## DIRECTIONS
Skip the pictures. Transcribe the rest of the data below without changing a word.

## SUPPLIED RECORDS
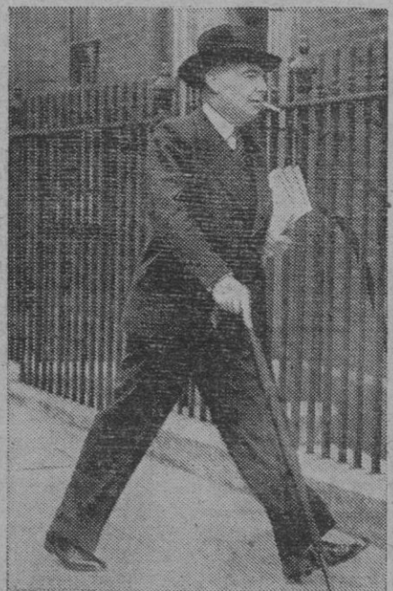
Hore Belisha, ex ministro de la Guerra inglés

«Sólo este partido podrá ofrecer una oposición eficaz al socialismo»
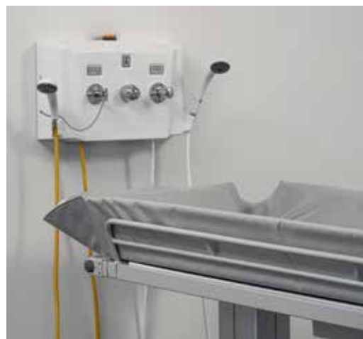
TR 2810 Douchepaneel met TR4200 Douchebrancard
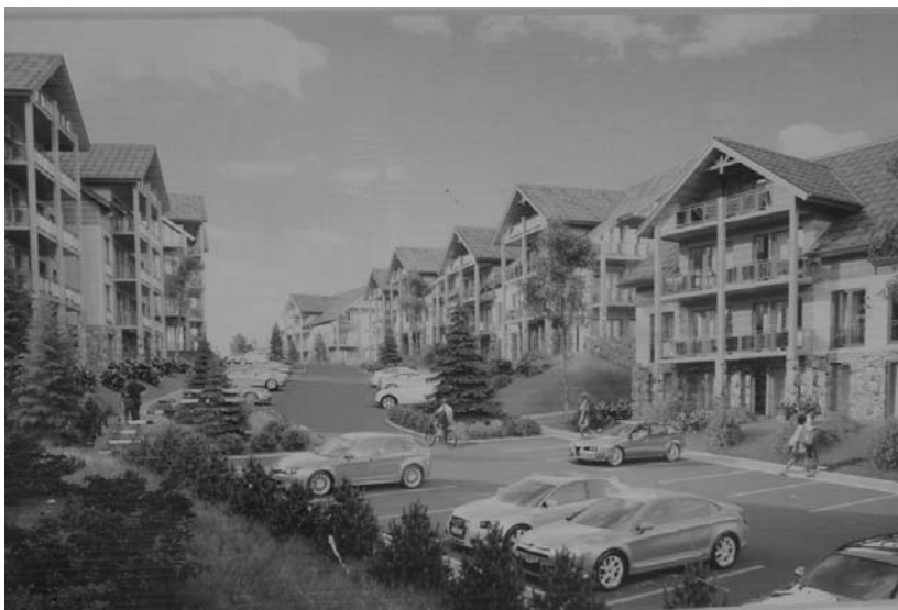
Rys. 3. Fragment billboardu reklamującego inwestycję „Apartamenty Czarna Góra”
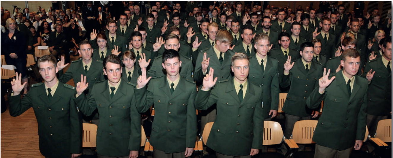
Vereidigung der Anwärtinnen und Anwärter in der Illinger Illipse durch Landespolizeivizepräsident Hugo Müller.

Dienst angetreten haben. Bereits am frühen Morgen des ersten Einstellungstages war die JUNGE GRUPPE mit Unterstützung des GdP-Landesvorstandes und der Frauengruppe wie in jedem Jahr auf den Beinen, um die mit Info-Material und kleinen Willkommensgeschenken bestückten GdP-Taschen zu verteilen.
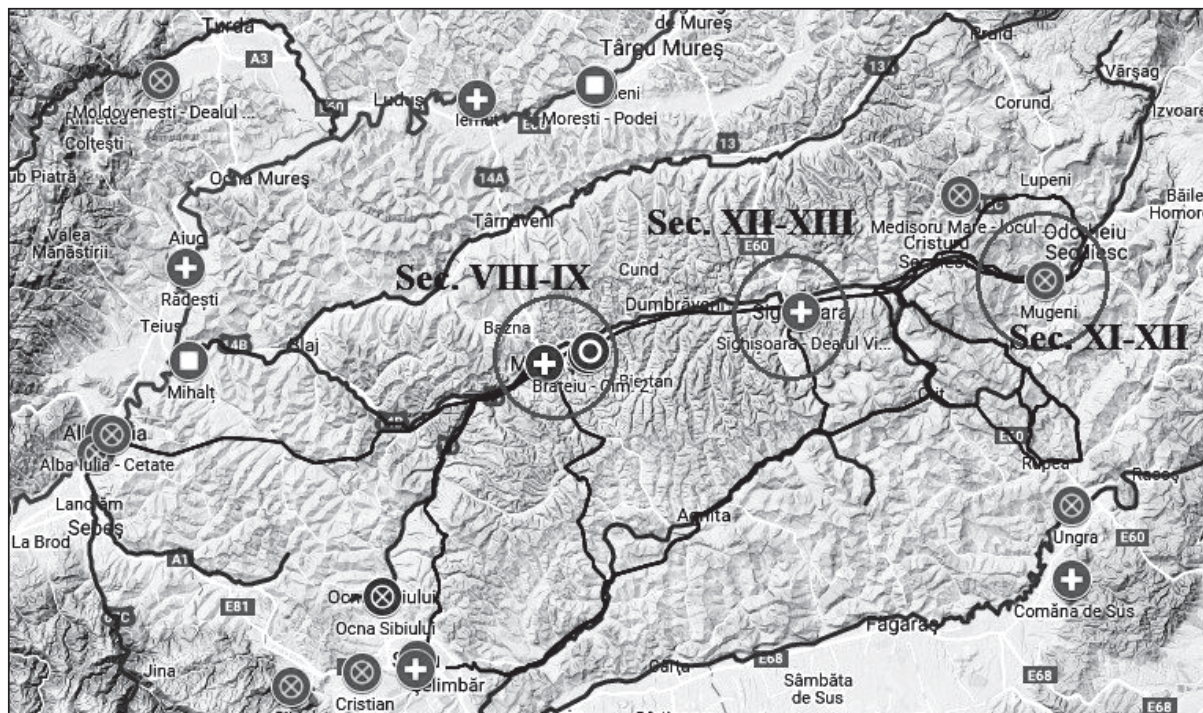
Harta 3. Posibile centre meşteşugăreşti pe valea Târnavei Mari. Cu negru, drumul existent în secolul XVIII conform hărţii iosefine.
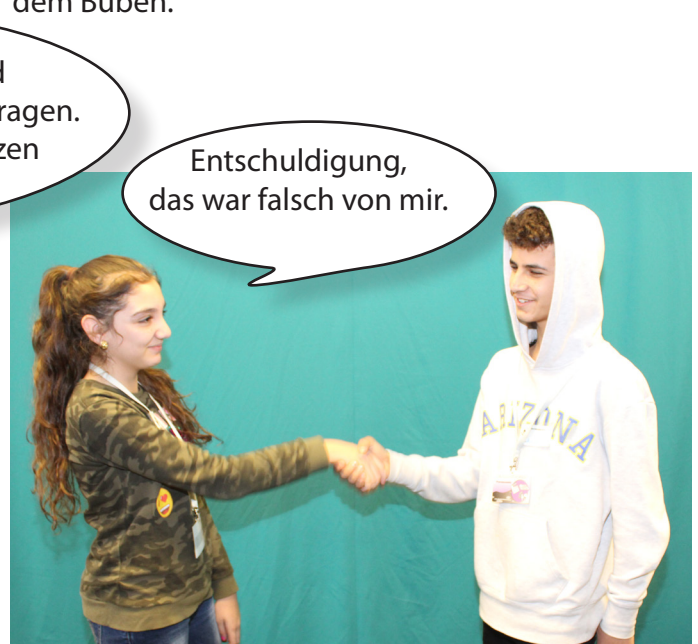
Da entschuldigt das Mädchen bei dem Burschen.
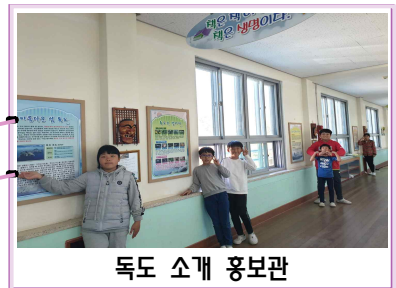
독도 소개 홍보관
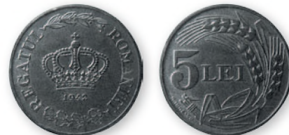
Королевство Румыния. Михай I. 5 леев. Цинк. 1942 г. 23 мм

## SOLVED EXERCISE
Hore Belisha, ex ministro de la Guerra inglés

«Sólo este partido podrá ofrecer una oposición eficaz al socialismo»
TR 2810 Douchepaneel met TR4200 Douchebrancard
Rys. 3. Fragment billboardu reklamującego inwestycję „Apartamenty Czarna Góra”
Vereidigung der Anwärtinnen und Anwärter in der Illinger Illipse durch Landespolizeivizepräsident Hugo Müller.

Dienst angetreten haben. Bereits am frühen Morgen des ersten Einstellungstages war die JUNGE GRUPPE mit Unterstützung des GdP-Landesvorstandes und der Frauengruppe wie in jedem Jahr auf den Beinen, um die mit Info-Material und kleinen Willkommensgeschenken bestückten GdP-Taschen zu verteilen.
Harta 3. Posibile centre meşteşugăreşti pe valea Târnavei Mari. Cu negru, drumul existent în secolul XVIII conform hărţii iosefine.
Da entschuldigt das Mädchen bei dem Burschen.
독도 소개 홍보관
Королевство Румыния. Михай I. 5 леев. Цинк. 1942 г. 23 мм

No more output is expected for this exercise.